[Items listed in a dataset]
------------------------------------------------------------------------

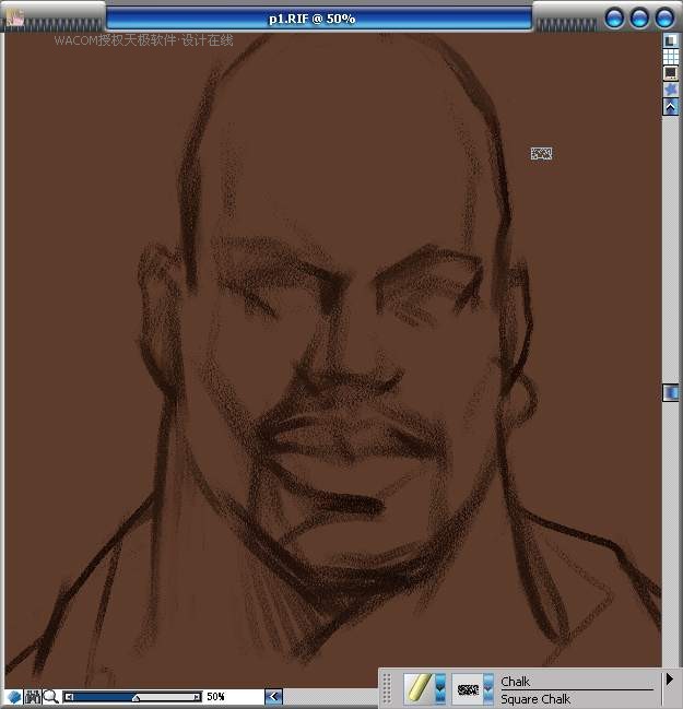 2.使用Chalk/Square Chalk进行素描的起稿。首先画出几个最基本的形体比例,以及相应的位置关系。Square Chalk的笔刷对纸纹比较敏感,因此会产生生动的纸纹效果。配合Intuos 3的细腻压感,可以画出更富有变化的粉笔线条,让作品充满活力。
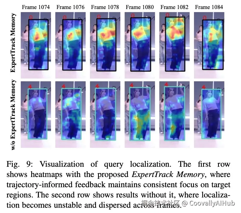 定性结果同样令人信服。对比实验显示,在轨迹反馈的帮助下,模型的注意力能持续稳定地聚焦在目标上;而没有该模块时,定位则变得极不稳定。
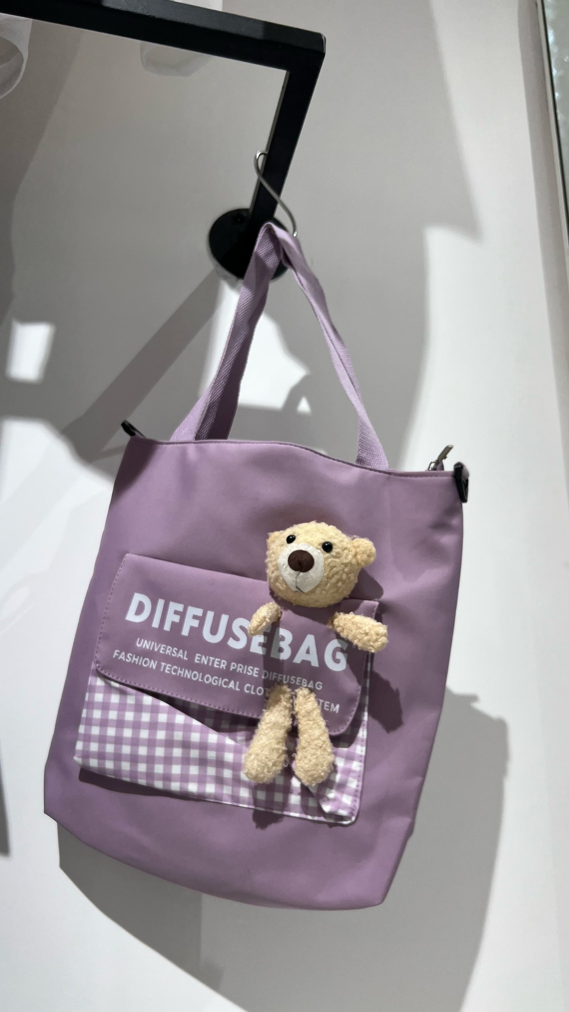 SXV "Diffusebag" canvas korean kawaii tote bag with attached teddy.
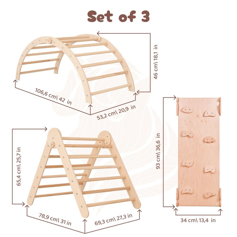 Adjustable 3-in-1 Wooden Baby Gym, Montessori Climber and Play Gym, Foldable Climbing Arch & Slide
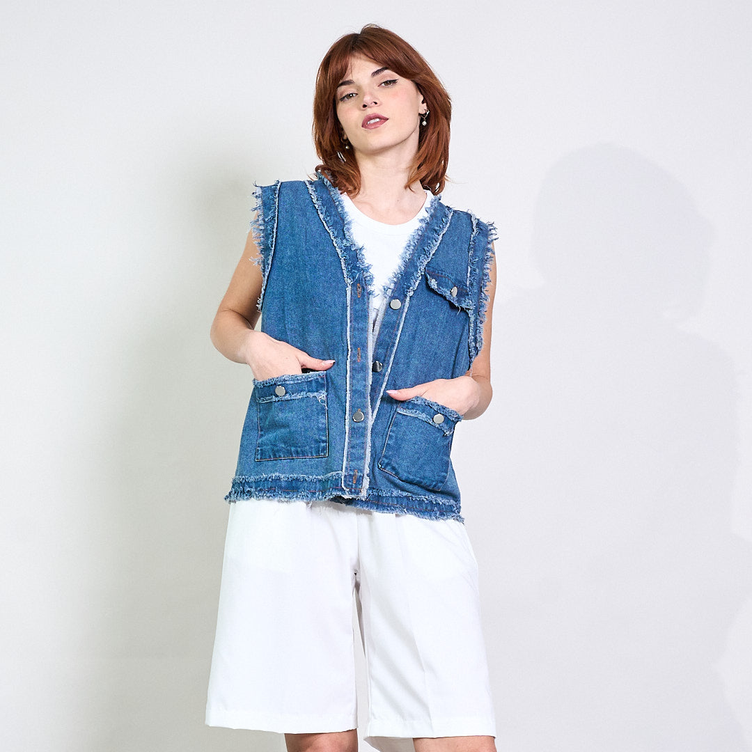 Neapstrādāta bārkstis apdare ar daudzām kabatas bez piedurknēm džinsa vestes vairumtirdzniecība
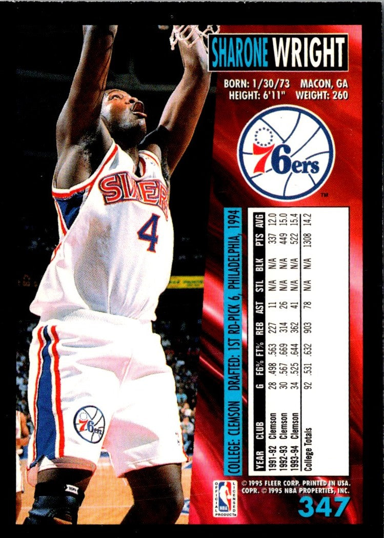 Description: 1994 Fleer Sharone Wright #347 Rookie
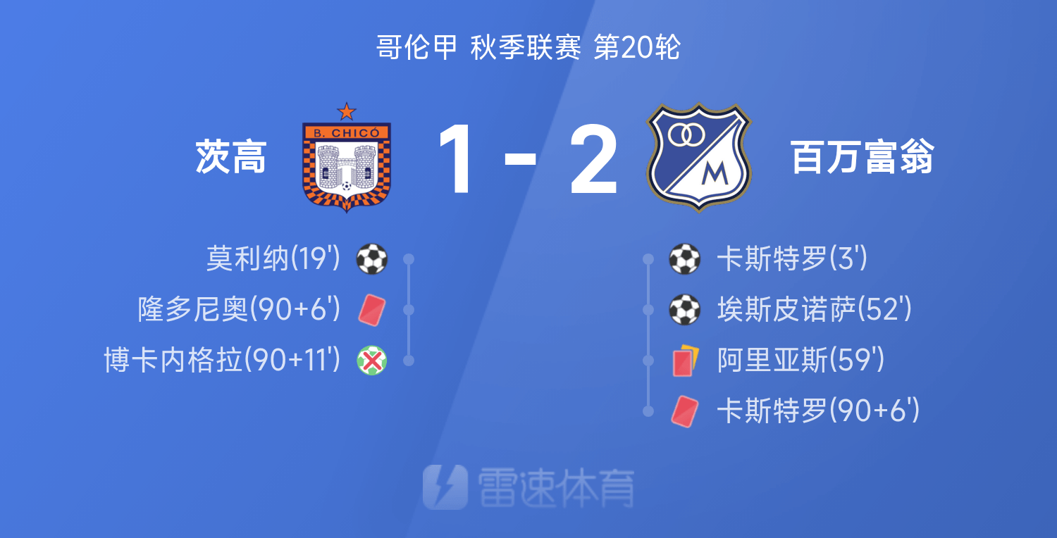 6686体育平台11月13日讯 25赛季哥伦甲秋季联赛事第20轮,百万富翁2-1战胜茨高。全场竞赛,埃斯皮诺萨发挥出色贡献1射1传,卡斯特罗破门建功,莫利纳破门难救主,博卡内格拉在最后时刻读秒失点,卡斯特罗、隆多尼奥染红。

------------------------------------------------------------------------

■ **WHAT THE EXERCISE ASKS**: In the records above, find the line containing "with attached teddy." and the line containing "Neapstrādāta bārkstis apdare", then give both of them again word for word along with every line between. Omit any pictures.

■ **SOLUTION FOR THIS TASK**:
 SXV "Diffusebag" canvas korean kawaii tote bag with attached teddy.
 Adjustable 3-in-1 Wooden Baby Gym, Montessori Climber and Play Gym, Foldable Climbing Arch & Slide
 Neapstrādāta bārkstis apdare ar daudzām kabatas bez piedurknēm džinsa vestes vairumtirdzniecība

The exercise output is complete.